A bid by a handful of agents to boycott Rightmove in December came to nothing and so long as it’s RM and Z in the public’s mind, they will be the ones agents feel they have to pay to be on.

OTM might get alongside if marketing spend increases. The others? They’ll get agents, but will the public know about them?


5. Few agents will be mortally damaged by the lettings fee ban: It will hurt almost all lettings agents and a very few may go to the wall. It will also remain an affront - why should agents absorb genuine costs?

But as government initiatives go, this one has had a v-e-r-y l-o-n-g lead in time: the ban was announced in December 2016 and will be in force 29 months later, so if agents haven’t had time to readjust…who are they kidding? 


6. Agency reform will be a ‘big thing’ after the summer: The little-known Regulation of Property Agents Working Party is charged with reporting before MPs knock off for summer 2019.

It will recommend how agents must be trained and qualified in future. By summer, the government and public will have Type A Brexit Fatigue: MPs will be keen to adopt a populist cause to curry favour with a deeply disillusioned electorate so will seize on agency reform and run with it. This will be the industry story of autumn 2019.

*Editor of Estate Agent Today and Letting Agent Today, Graham can be found tweeting all things property @PropertyJourn

  • Peter Hendry

    The clear evidence is that the UK housing market is badly malfunctioning with the arrival of several online privately funded house buying services. These are to execute swift house purchases to enable simultaneous house moves but at reduced prices.

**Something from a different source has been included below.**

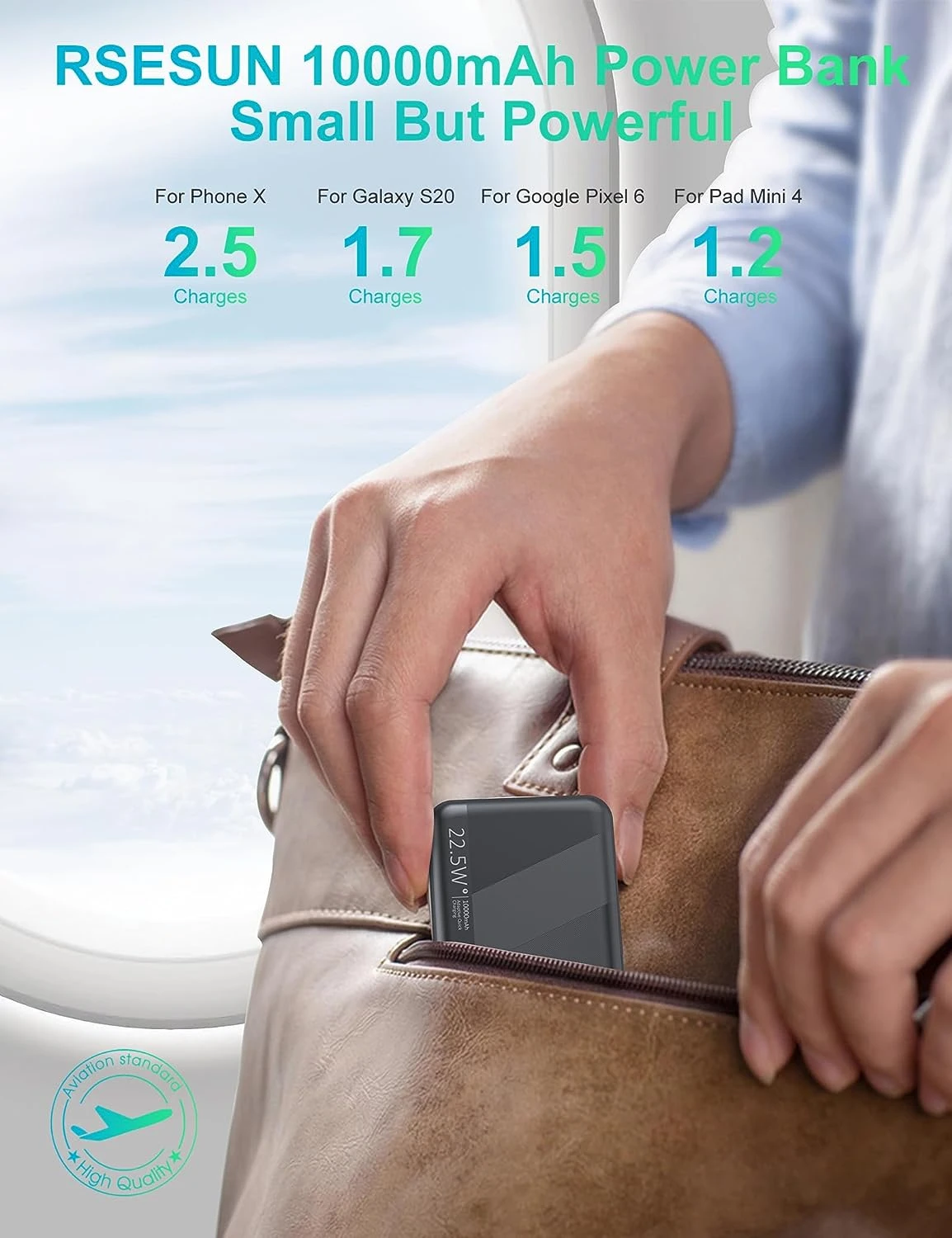 Dotée d’une batterie portable de 10 000 mAh à haute densité, notre PowerBank offre une longue durée de vie. Le circuit intégré de protection intelligent permet une charge silencieuse à faible courant, tandis que le capteur de température NTC assure une surveillance sécurisée de la température de l’alimentation. Vous pouvez donc l’emporter et l’utiliser en toute sécurité lors de vos déplacements, y compris lors de vos vols 💖.

    To finance these services, cash at low interest rates is necessary. Also, the cost of advertising them online and elsewhere is very expensive.
    This shows that there IS a crisis within the marketplace!

    All this resource could be more effectively utilised if the housing market itself was made more efficient.

    This would mean a route and branch review of the way house sales in particular, but also lettings should be handled by all the agents acting in the marketplace.